Jump post-crisis and forget the beauty of the 'idea' of an all electric vehicle, let's get down to the facts. For a growth company Tesla has an enormous amount of debt. It is the only one to market a car to the people who can really afford paying any sort of premium right now (after all, on the low end who would pay $40K for a thing that looks like the Volt when you can get a fast Mustang for the same price?) and since it's a luxury sedan it may sell, especially when it beats it's competition with a $7,500 tax credit in your name after purchase. However, as the Volt and Leaf have both proven, the technology still isn't quite there to be fully price competitive with the general gasoline-powered automotive market. Additionally, consumers who can afford a $50,000 car probably isn't as concerned about the cost of fuel as they should be. Their marketing premise suddenly seems somewhat flawed as well.
From a fundamental perspective it suddenly seems that Tesla's only lifeline is its low cost of debt that it got from the government. Financed at a draw rate between .9% and 3.4%, it seems that as long as it doesn't literally burn the money that can draw, it should be okay. It's possible to make an argument that Tesla is great just because of this argument.
There's another issue with Tesla that is more of a b-school and managerial issue than one found by simply studying their fundamentals and it has to do with their value network. A value network is a series of customers that defines a company and because these customers drive the profits of the company they also drive what a company can and cannot do without risking their current income. Tesla has generated about a third of its overall revenue from technological development for outside automotive companies, and these revenues have risen more quickly and grown in margin more quickly than the sales of their proprietary EVs.
In a proper resource allocation model Tesla's management should be noticing that devoting their attention to the development side of things, rather than the automotive-consumer side of things, will begin to net them more money. (After all, if you were an investor wouldn't you want them to do this?) Quite the contrary, it doesn't seem that they care.
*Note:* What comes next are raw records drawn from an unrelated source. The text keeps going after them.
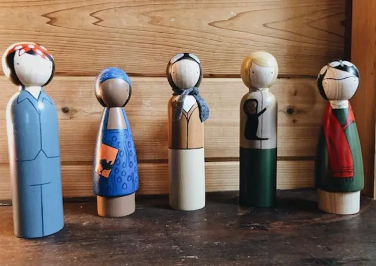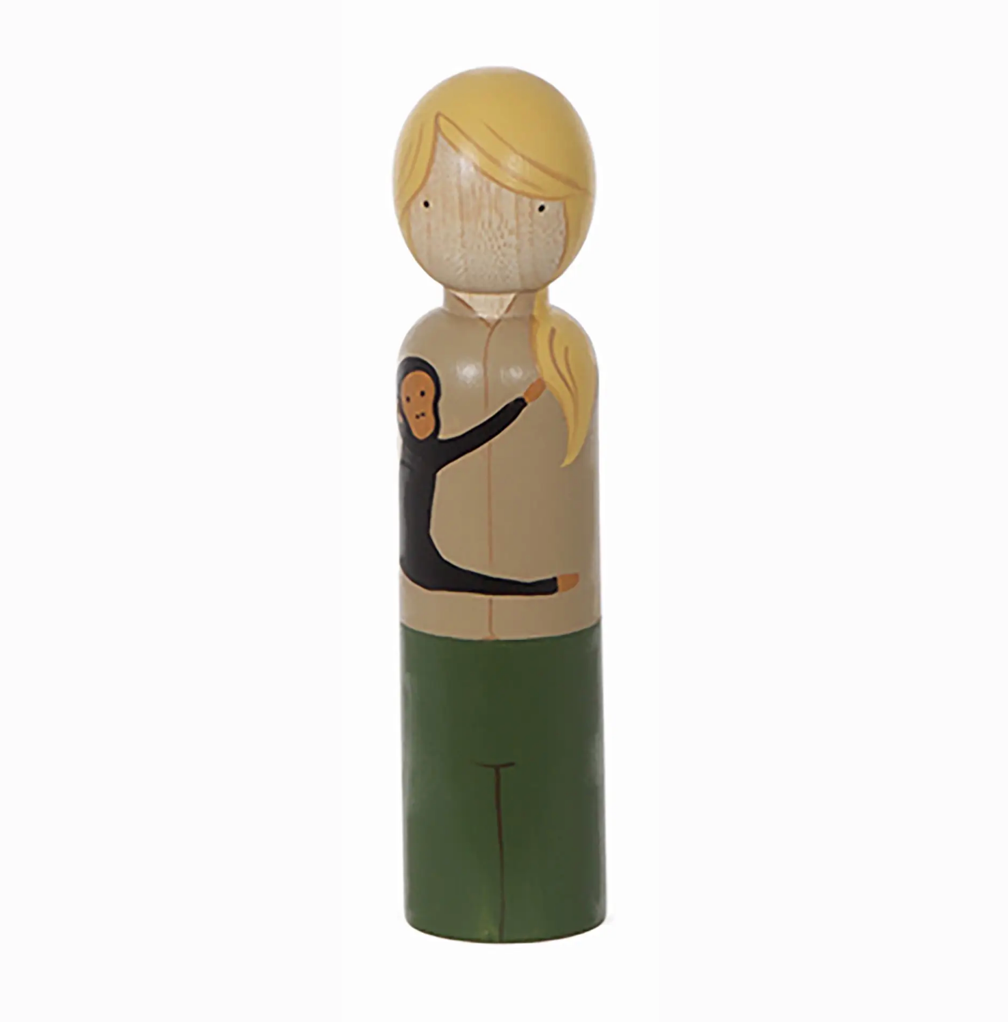 1 collectible doll, size 7.5", made in the artistic representation of Jane Goodall. This doll is double the size and weight of our regular line. She is sold individually and comes packaged in her own box. Hand-chiseled from Urapán wood on an electric lathe, these classic wooden peg dolls are finished with USA-made non-toxic water-based paints. Each doll is unique and safe for little hands. We design our dolls in our Brooklyn studio and work with artisans in Bogotá, Colombia to help us reproduce our designs. Our carpenter uses sustainably-harvested trees; when one tree is used, two are planted. Our team includes Goose Grease-trained craftsmen and craftswomen, from Bogotá to Brooklyn, and each doll is carefully hand-drawn and hand-painted from start to finish.
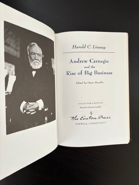Andrew Carnegie and the Rise of Big Business by Harold Livesay. Published by The Easton Press in 1988. Collector's Edition Bound in Genuine Leather. The condition is Very Good....
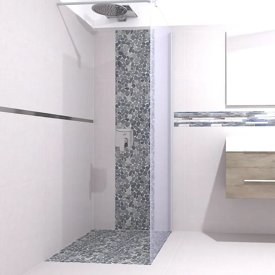 Mosaïque Galet naturel rectifié Flat gris L. 30 x l. 30 cm Mat Inter

With so much capital available at such a low rate, you don't need a high ROI in order to justify expanding into whatever you want - like buying a manufacturing plant in one of the most expensive countries in the world. Even worse, this is committing Tesla to a trap.
As the company continues to devote resources to develop electric technology gradually for established automakers, it removes itself from the consumer value network needed to tap a market at a low margin and float upstream as the technology develops. Instead, it is placing itsas a developmental company for established automakers, using its technology for sustaining purposes rather than disruptive ones. And all the while, it can try to support its own cars with technology designed for all the others with a flawed manufacturing strategy.
With all of this being said, I can't justify buying into Tesla from a growth investment perspective. The market will continue to behave in the way it always has though, looking for the next best thing with the fastest growth and the coolest story. Thousands of investors will be attracted to Tesla because hey, the technology will work eventually, right? And eventually the runs could be huge.
So this market will continue to incorrectly price Tesla Motors by looking at the lowest common denominator of logical reasoning - the electric car finally exists! - rather than seeing the lack of competitiveness the company has, what's driving it's current performance, and if the future growth the market currently projects for the company is even partially warranted in today's sideways market. Buying this stock is not a way to make much money as much as it is a way to attempt to preserve capital with a growth company due to government intervention in the market.